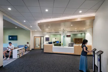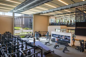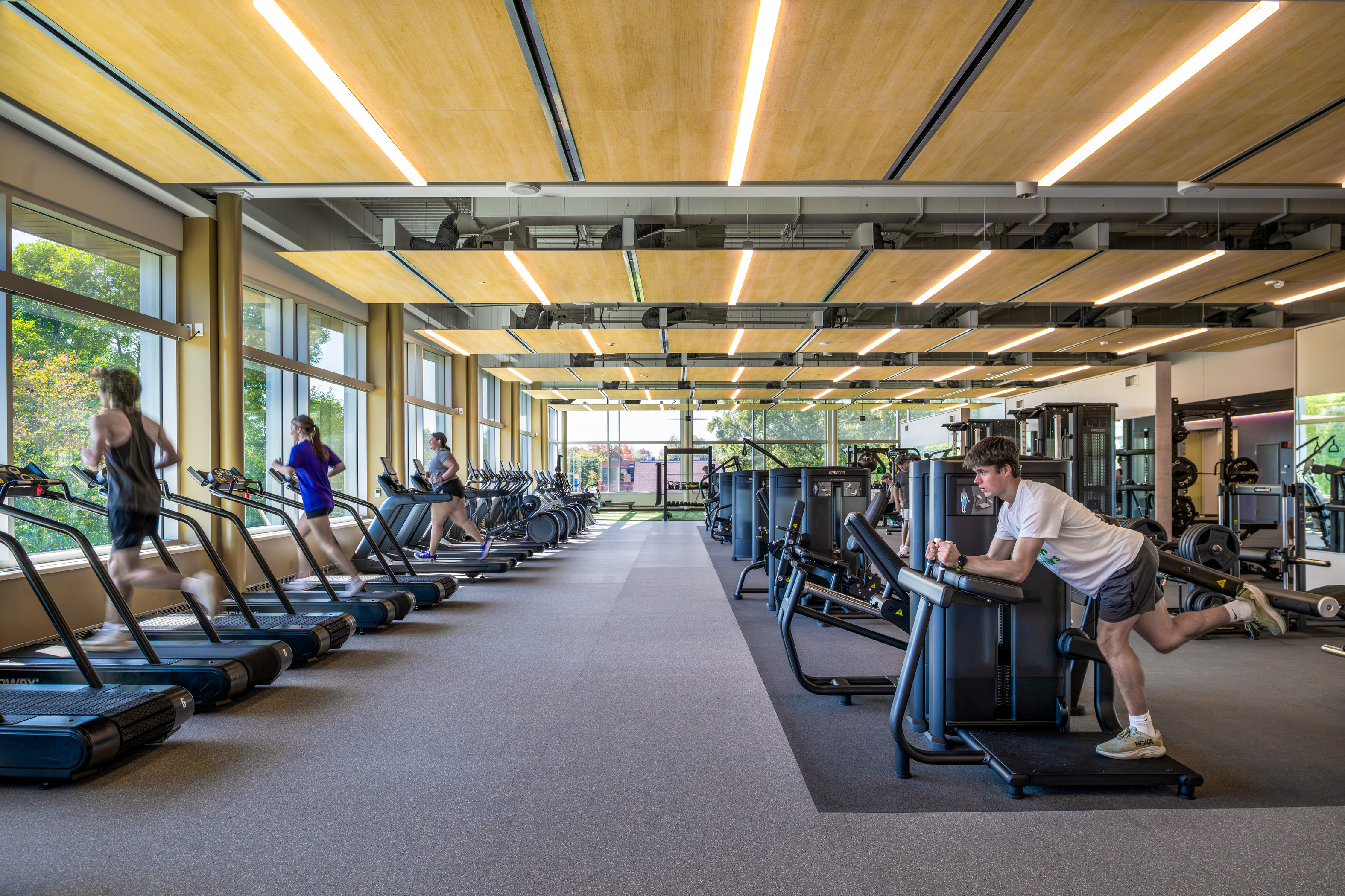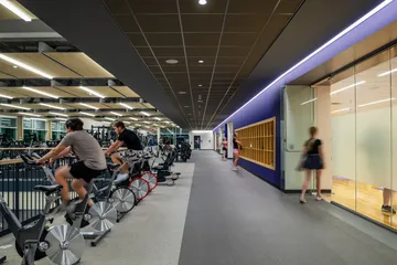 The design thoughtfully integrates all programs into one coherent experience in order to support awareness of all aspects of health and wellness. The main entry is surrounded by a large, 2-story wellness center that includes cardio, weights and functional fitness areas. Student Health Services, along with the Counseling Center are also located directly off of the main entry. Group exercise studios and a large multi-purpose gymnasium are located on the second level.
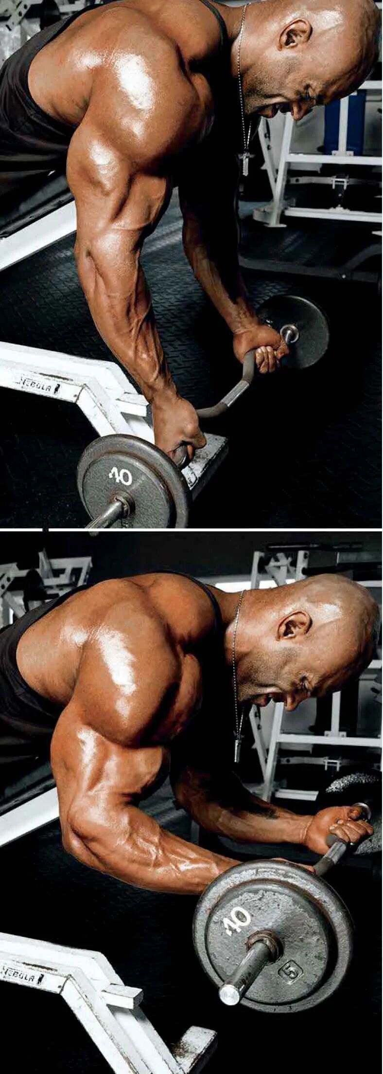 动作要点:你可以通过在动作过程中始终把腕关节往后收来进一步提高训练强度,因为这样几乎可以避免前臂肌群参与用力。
----------------
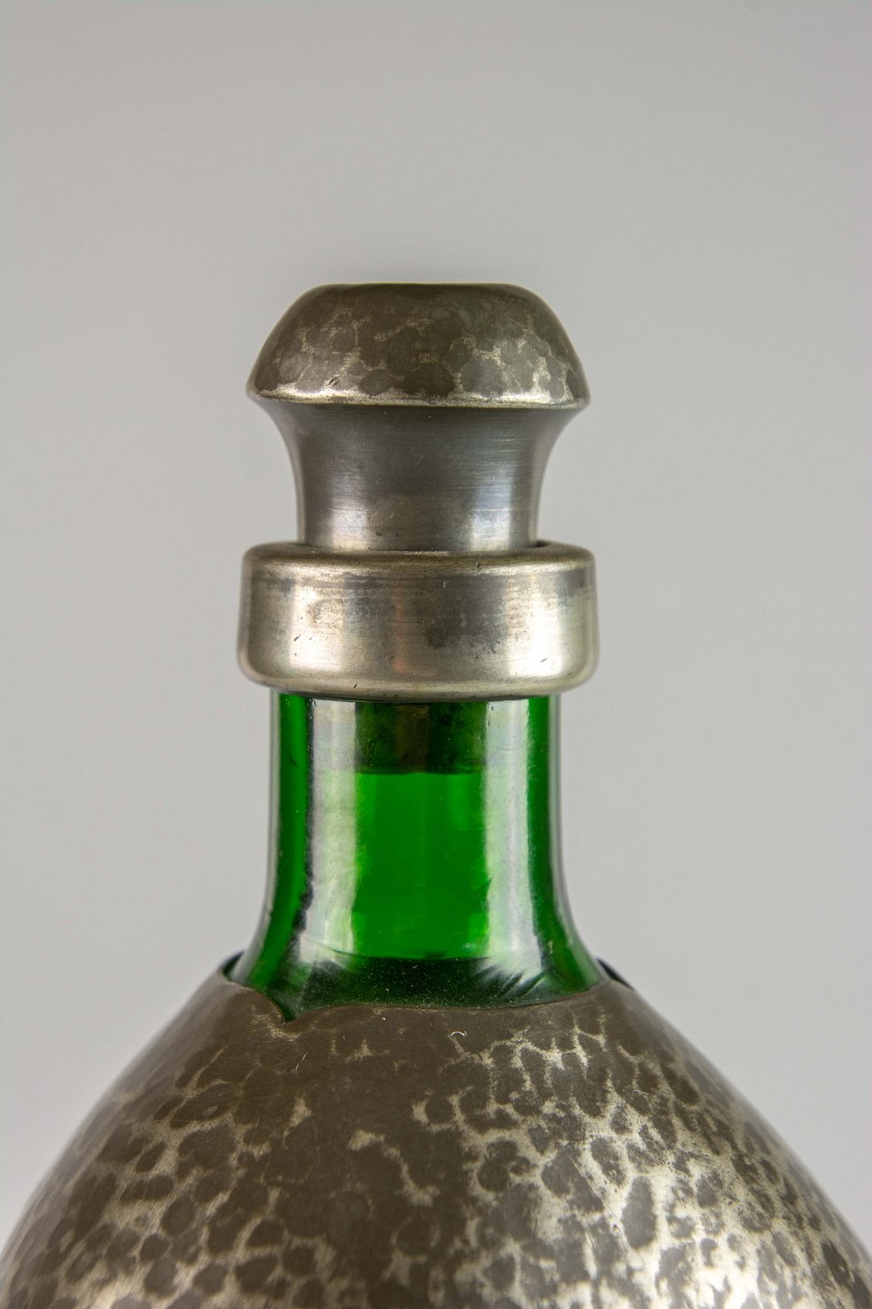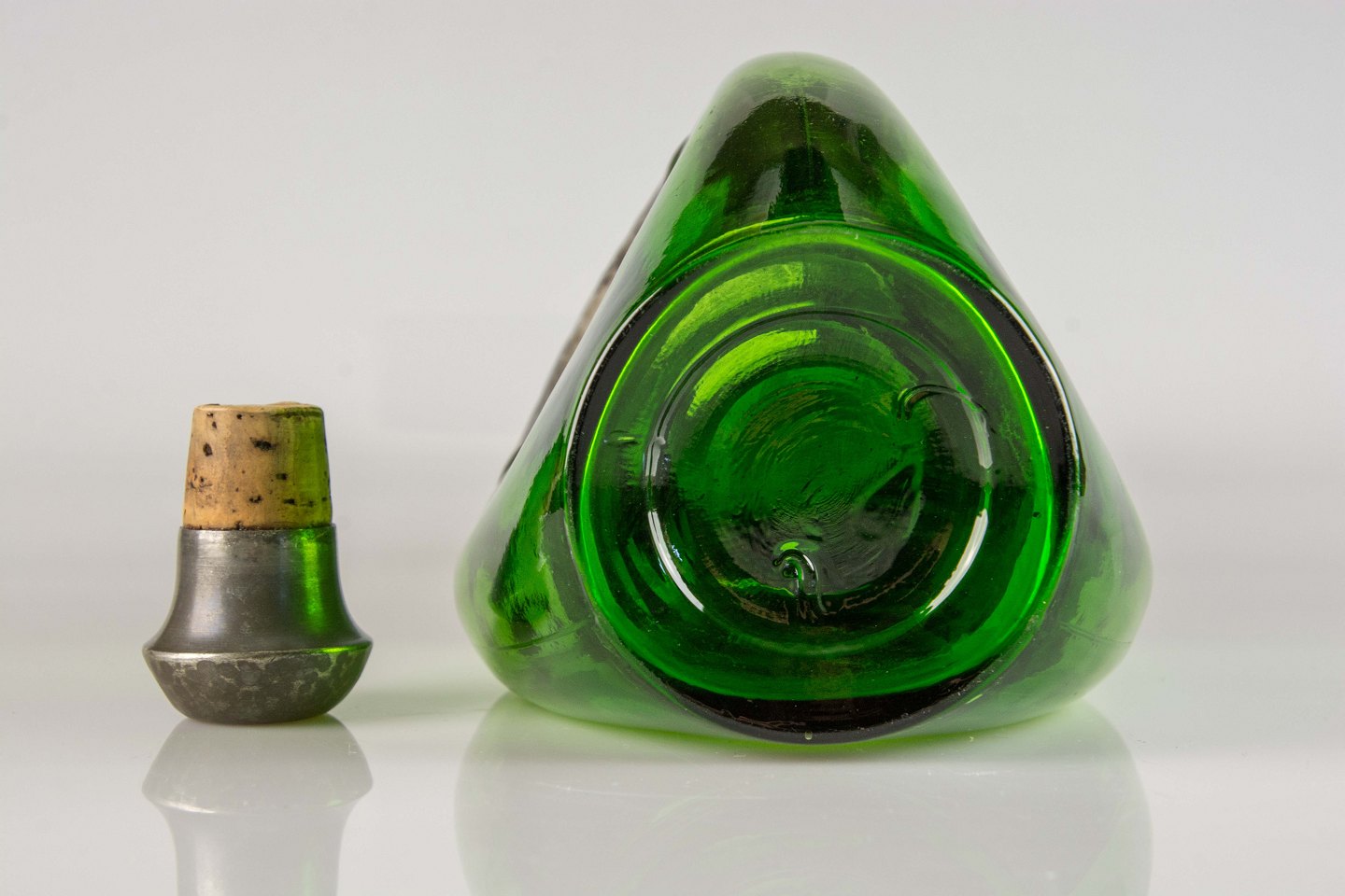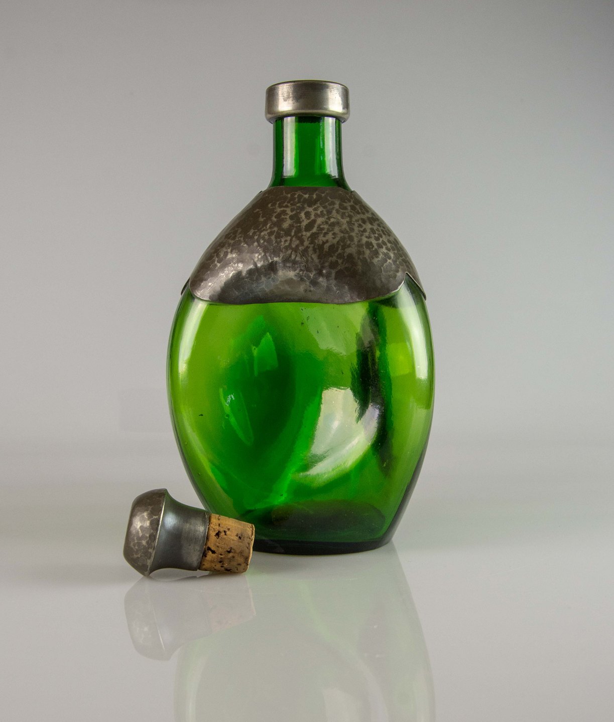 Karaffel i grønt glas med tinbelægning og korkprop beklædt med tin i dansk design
----------------
» WHAT IS BEING ASKED: In the entries above, which lines run from the one with "The design thoughtfully" up to and including the one with "动作要点:你可以通过在动作过"? Write them out exactly, without the pictures.

» RESULT OF THIS EXERCISE:
 The design thoughtfully integrates all programs into one coherent experience in order to support awareness of all aspects of health and wellness. The main entry is surrounded by a large, 2-story wellness center that includes cardio, weights and functional fitness areas. Student Health Services, along with the Counseling Center are also located directly off of the main entry. Group exercise studios and a large multi-purpose gymnasium are located on the second level.
 动作要点:你可以通过在动作过程中始终把腕关节往后收来进一步提高训练强度,因为这样几乎可以避免前臂肌群参与用力。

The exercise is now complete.